_What the task requires:_
Exactly as written, return all the data, leaving its pictures behind.

_Available data:_

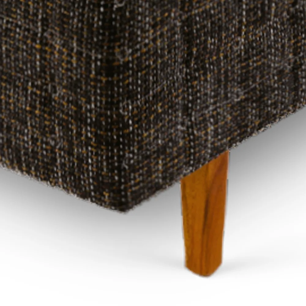 - O box padrão revestido com o mesmo tecido das laterais e os pés de madeira quadrados completam o visual, criando um ambiente luxuoso e acolhedor.
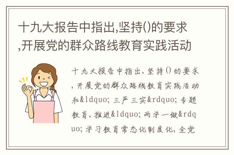 十九大报告中指出,坚持()的要求,开展党的群众路线教育实践活动和“三严三实”专题教育,推进“两学一做”学习教育常态化制度化,全党理想信念更加坚定、党性更加坚强。 A. 照镜子 B. 正衣冠 C. 洗洗澡 D. 治治病
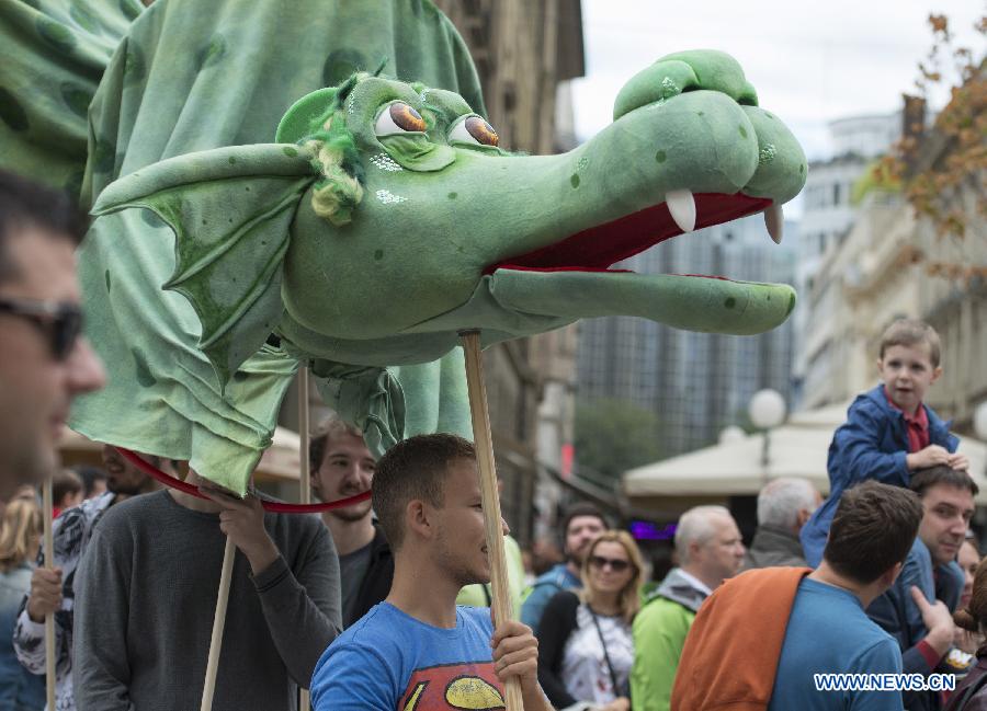 People take part in a puppet parade in Zagreb, capital of Croatia, on Sept. 13, 2014. The 47th International Puppet Theatre Festival will kick off here on Sept. 15. Puppet troupes from nine countries will participate in this five-day festival. (Xinhua/Miso Lisanin)
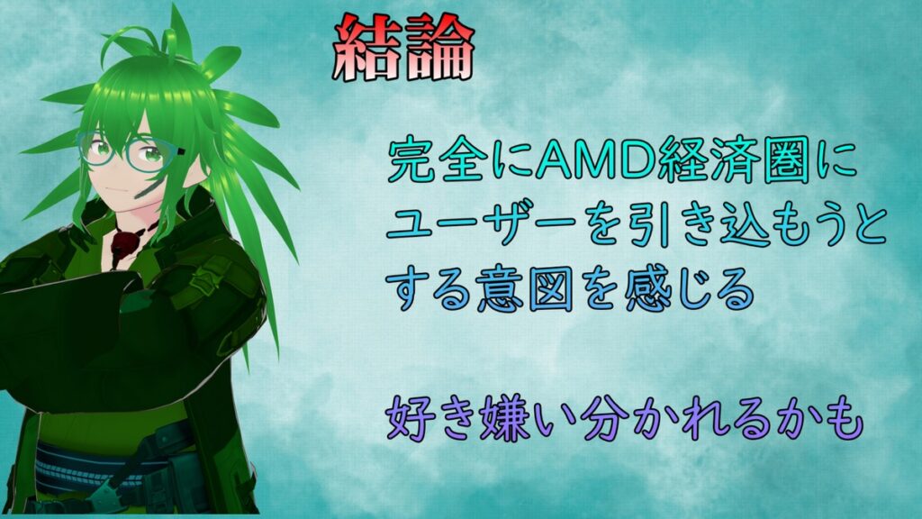 実際、今回のAMDの解説の中にも、生成AIのためにGPUを用いるという記載があることから、明らかにドライバがGPU直結でいくことにしているか、というのがよくわかります。
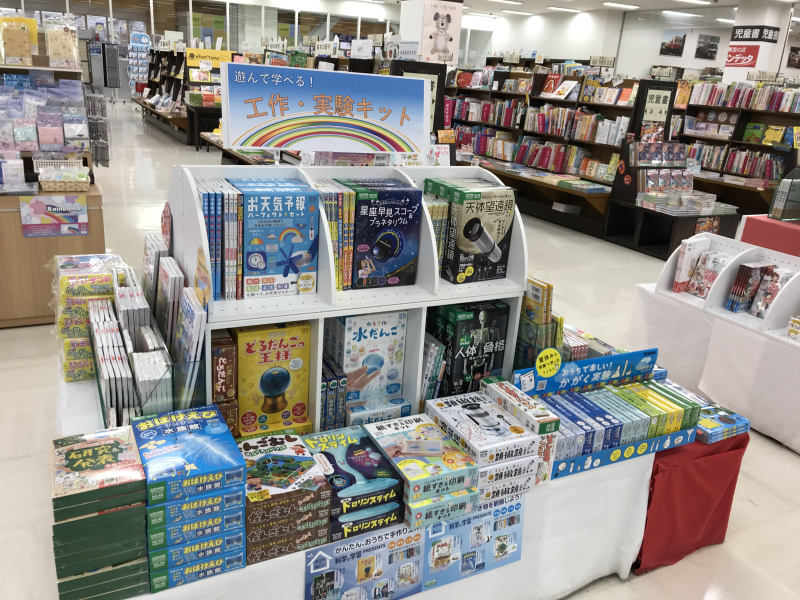 夏休みの宿題はこれで大丈夫!自由研究、工作のフェアのご案内です。自由研究や自由工作を楽しく取り組める本やキットがたくさんあります。何をしようか悩んだら、児童書売場のコーナーをぜひご覧ください!星の観察や身近な虫の観察、せっけん作りなど、おうち遊びでも楽しめます。
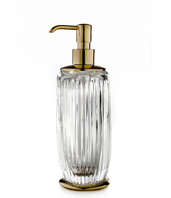 Дозатор для жидкого мыла, 3SC, Elegance, механический (нажимной), ширина, мм-75, высота, мм-230, тип установки-настольный (свободностоящий), материал колбы-хрусталь, цвет колбы-прозрачный, цвет дозатора-золото матовое Дозатор для жидкого мыла, 3SC, Elegance, шв 75*230, цвет дозатора-золото матовое
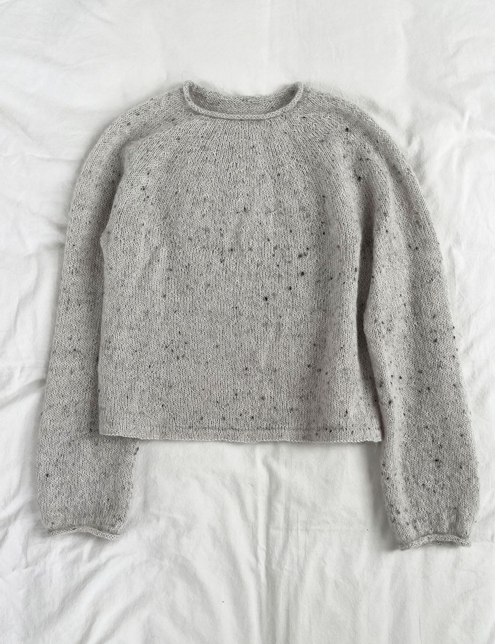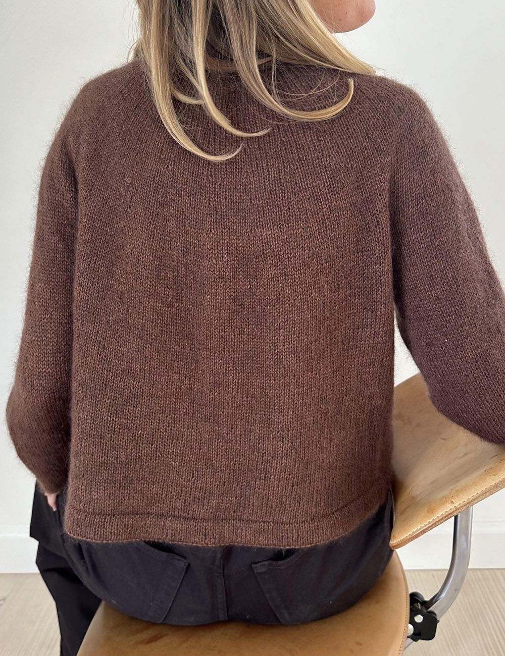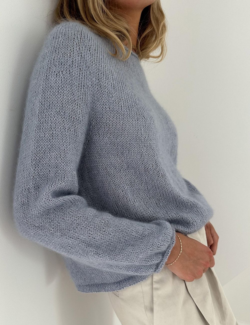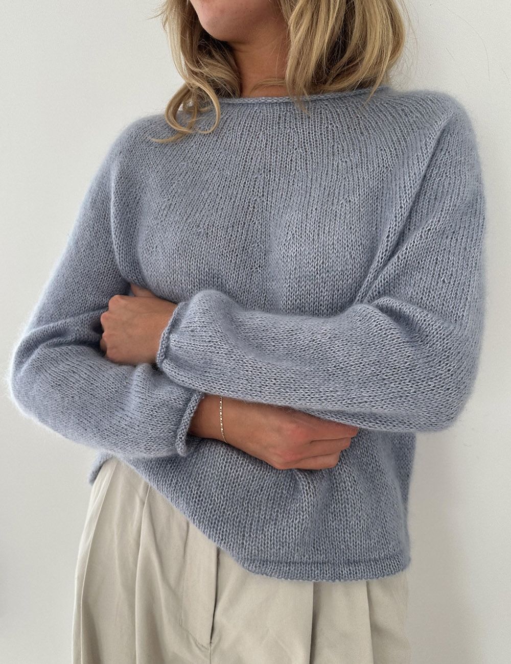 Plain Yoke Blouse er strikket ovenfra og ned. Alt strikkes rundt i glattstrikk, dermed strikker du bare rettmasker. Det runde bærestykket formes med økninger. Den eneste forskjellen mellom ”Detailed edition” og ”Debutant edition” er at halsen i «Debutant edition» er lik foran og bak.
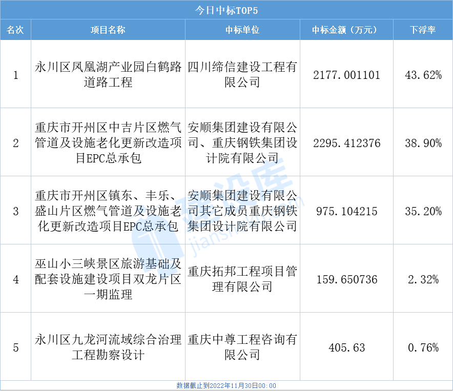 据建设库大数据综合服务平台统计,截止到2022年11月30日00:00点整,重庆公共资源交易网中标公示项目为5个,其中下浮率超过15%的有3个。
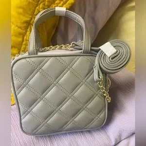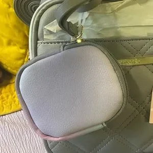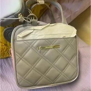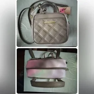 This stylish satchel from Luv Betsey by Betsey Johnson is a must-have for any fashion-forward woman. The bag features a square shape and a grey multi-color exterior with eye-catching accent details such as a strap accent, a quilted finish, and gold hardware. The bag has a top handle with a crossbody strap for versatile wear, and comes with a bonus small pouch, detachable strap, and coin purse for added convenience.

_Output below:_
 - O box padrão revestido com o mesmo tecido das laterais e os pés de madeira quadrados completam o visual, criando um ambiente luxuoso e acolhedor.
 十九大报告中指出,坚持()的要求,开展党的群众路线教育实践活动和“三严三实”专题教育,推进“两学一做”学习教育常态化制度化,全党理想信念更加坚定、党性更加坚强。 A. 照镜子 B. 正衣冠 C. 洗洗澡 D. 治治病
 People take part in a puppet parade in Zagreb, capital of Croatia, on Sept. 13, 2014. The 47th International Puppet Theatre Festival will kick off here on Sept. 15. Puppet troupes from nine countries will participate in this five-day festival. (Xinhua/Miso Lisanin)
 実際、今回のAMDの解説の中にも、生成AIのためにGPUを用いるという記載があることから、明らかにドライバがGPU直結でいくことにしているか、というのがよくわかります。
 夏休みの宿題はこれで大丈夫!自由研究、工作のフェアのご案内です。自由研究や自由工作を楽しく取り組める本やキットがたくさんあります。何をしようか悩んだら、児童書売場のコーナーをぜひご覧ください!星の観察や身近な虫の観察、せっけん作りなど、おうち遊びでも楽しめます。
 Дозатор для жидкого мыла, 3SC, Elegance, механический (нажимной), ширина, мм-75, высота, мм-230, тип установки-настольный (свободностоящий), материал колбы-хрусталь, цвет колбы-прозрачный, цвет дозатора-золото матовое Дозатор для жидкого мыла, 3SC, Elegance, шв 75*230, цвет дозатора-золото матовое
 Plain Yoke Blouse er strikket ovenfra og ned. Alt strikkes rundt i glattstrikk, dermed strikker du bare rettmasker. Det runde bærestykket formes med økninger. Den eneste forskjellen mellom ”Detailed edition” og ”Debutant edition” er at halsen i «Debutant edition» er lik foran og bak.
 据建设库大数据综合服务平台统计,截止到2022年11月30日00:00点整,重庆公共资源交易网中标公示项目为5个,其中下浮率超过15%的有3个。
 This stylish satchel from Luv Betsey by Betsey Johnson is a must-have for any fashion-forward woman. The bag features a square shape and a grey multi-color exterior with eye-catching accent details such as a strap accent, a quilted finish, and gold hardware. The bag has a top handle with a crossbody strap for versatile wear, and comes with a bonus small pouch, detachable strap, and coin purse for added convenience.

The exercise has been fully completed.